Carla ainda pensou em voltar a Portugal e seguir o curso de Psicologia: "Já estava no terceiro ano e cheguei a pedir a equivalência, mas não me deram e preferi tirar antes o curso de Educação Física, já que tinha o estatuto de atleta de alta competição." Matriculou-se na universidade e fez o curso, mas, entretanto, engravidou e o início das aulas foi adiado. Optou então por dar treinos extracurriculares no colégio dos filhos: "Agora saiu uma lei que diz que os professores de Educação Física têm de ser bilingues e tens de fazer uma prova de acesso para entrar. Agora passo os dias na biblioteca a estudar das nove da manhã às nove da noite para fazer o exame de acesso e o de inglês [risos]..."
A antiga atleta vem a Portugal uma ou duas vezes por ano "e mais alguma se tiver convites para algum evento". E, se os filhos quiserem ser atletas profissionais um dia, Carla vai apoiá-los. Costuma contar-lhes algumas das suas histórias. De como foi "espetacular" ser campeã mundial e de como lamenta não ter conquistado uma medalha olímpica, por exemplo. Ou ainda como enganava a mãe para ir correr: "Ela não queria que eu fosse, dizia "tu és tão magrinha, não vais aguentar". Eu lá saía às escondidas para participar nas provas escolares. Uma vez uma professora disse que eu tinha de ir para um clube para seguir no atletismo, fui para o Paivas, depois para o Fogueteiro e a seguir para o Benfica, onde cheguei e fui a surpresa do mês, bati os recordes todos."
Olhando para trás, Carla Sacramento fica "muito satisfeita" pela carreira que teve. E a época de que sente mais saudades é de quando era júnior, "aquela fase do passar de ser uma promessa para ser uma certeza". E "só agora" é que tem noção do que fez e conquistou. "Lembro-me de cada vez que me diziam que eu tinha sido um fracasso numa prova, se as pessoas soubessem como era difícil chegar a uma medalha numa prova internacional... não é fácil hoje e muito menos era na altura", desabafou.
A antiga atleta olímpica fez depois uma comparação para mostrar as dificuldades de então. "Hoje, só na zona do Seixal, perto de onde eu vivia, há três pistas [uma delas tem o seu nome], na minha altura tinha da fazer duas horas e meia para ir ao Estádio Nacional treinar, agora no Jamor até há centro de rendimento com pista interna.
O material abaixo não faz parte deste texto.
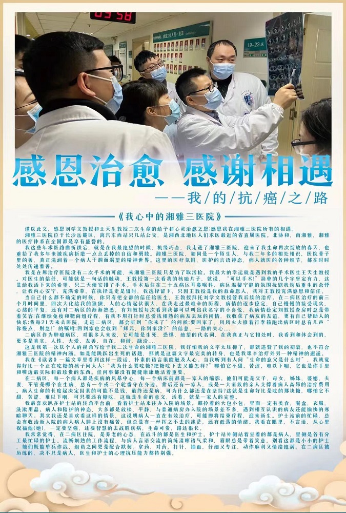 “感恩治愈,感谢相遇”。肿瘤防治宣传周期间,肿瘤科还邀请两名曾经在肿瘤科治疗过的抗癌勇士与病友们分享了自己成功的抗癌经验,他们用深情的话语和诚挚的感情讲述了自己对湘雅三医院肿瘤科的感谢之情,以及对新湘雅肿瘤发展的美好期盼。
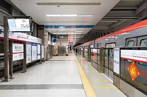 Tongzhou Beiyuan Station (Chinese: 通州北苑站; pinyin: Tōngzhōu Běiyuàn Zhàn) is a station on the Batong line (through operation to Line 1) of the Beijing Subway.[1]

Os atletas de hoje têm de aproveitar."
A anemia antes da medalha
Meio-fundista e especialista nos 1500 metros, distância onde conseguiu as duas medalhas de ouro da carreira, preferia afinal os 800 metros: "Eu gostava mais de correr os 800 metros. Os 1500 foi uma opção tática. Nos 800 era preciso uma velocidade mais explosiva e eu era mais forte na velocidade de cruzeiro." Apostou nos 1500 e colheu frutos. Conquistou várias medalhas em grandes competições internacionais e superou por mais de duas dezenas de vezes os recordes nacionais, a representar Benfica, Sporting e Maratona, entre outros.
O ano de 1992 marcou a estreia olímpica da atleta, que viria a participar em mais três Jogos Olímpicos: "A medalha olímpica ficou por conquistar. Barcelona 92 foi um sentimento indescritível, foi o concretizar de um sonho, aquele momento em que ficas contente por estar lá, mas depois queres mais do que participar."
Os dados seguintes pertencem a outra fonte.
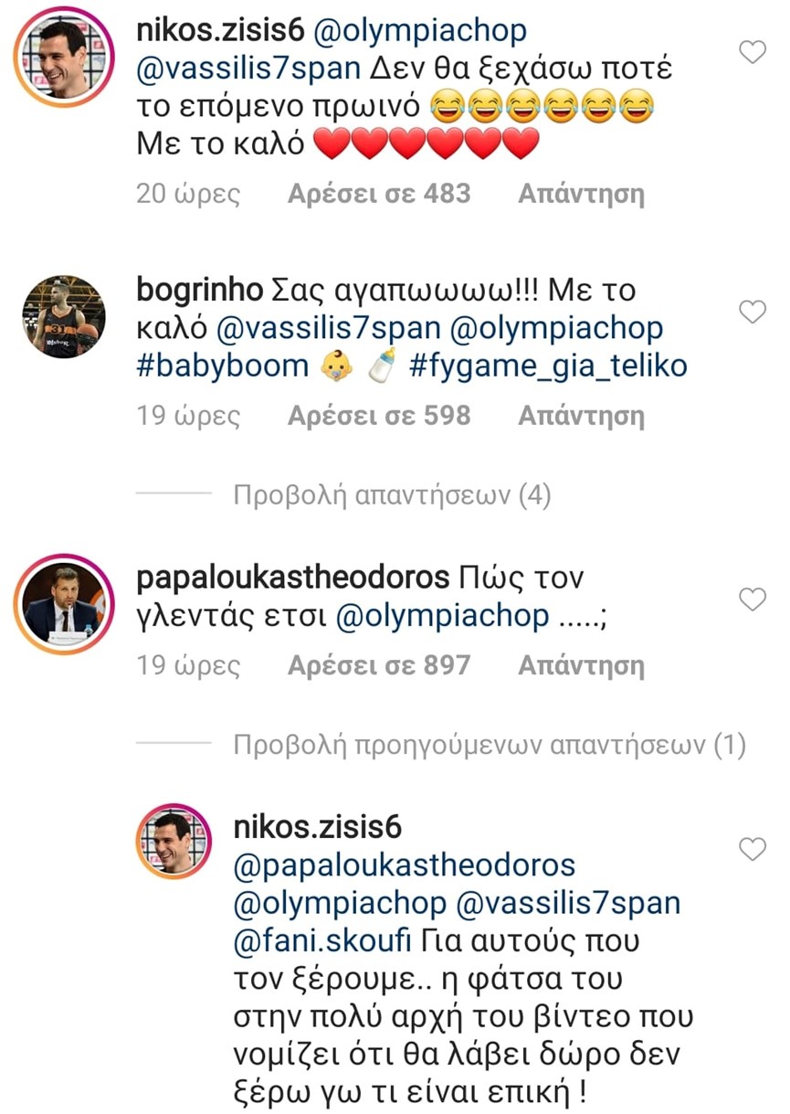 Ξεχωριστό είναι το σχόλιο του Νίκου Ζήση που ήταν μαζί με τον Βασίλη Σπανούλη στις διακοπές τότε και έγραψε: «Δεν θα ξεχάσω ποτέ το επόμενο πρωινό. Με το καλό».

Foi em 1996, na Globe Arena, em Estocolmo, que a portuguesa arrancou a primeira medalha de ouro nos Europeus indoor, nos 1500 metros. Meses depois adoeceu e descobriu que se tratava de uma anemia, que foi curada em Espanha... a tempo dos Mundiais.
"Sempre fui muito criticada por ser devota e ter muita fé, mas eu acredito que isso é que me ajudou", desabafou, recordando a prova de Atenas, que venceu de forma categórica, com a melhor marca do ano e uma distância "considerável" para Regina Jacobs. Foi uma pequena vingança de Carla, que tinha perdido o ouro para a norte-americana em 1995, nos Mundiais indoor de Barcelona. Mas para ela foi apenas "o subir à cadeira e cantar o hino, como fazia aos 7 anos de idade".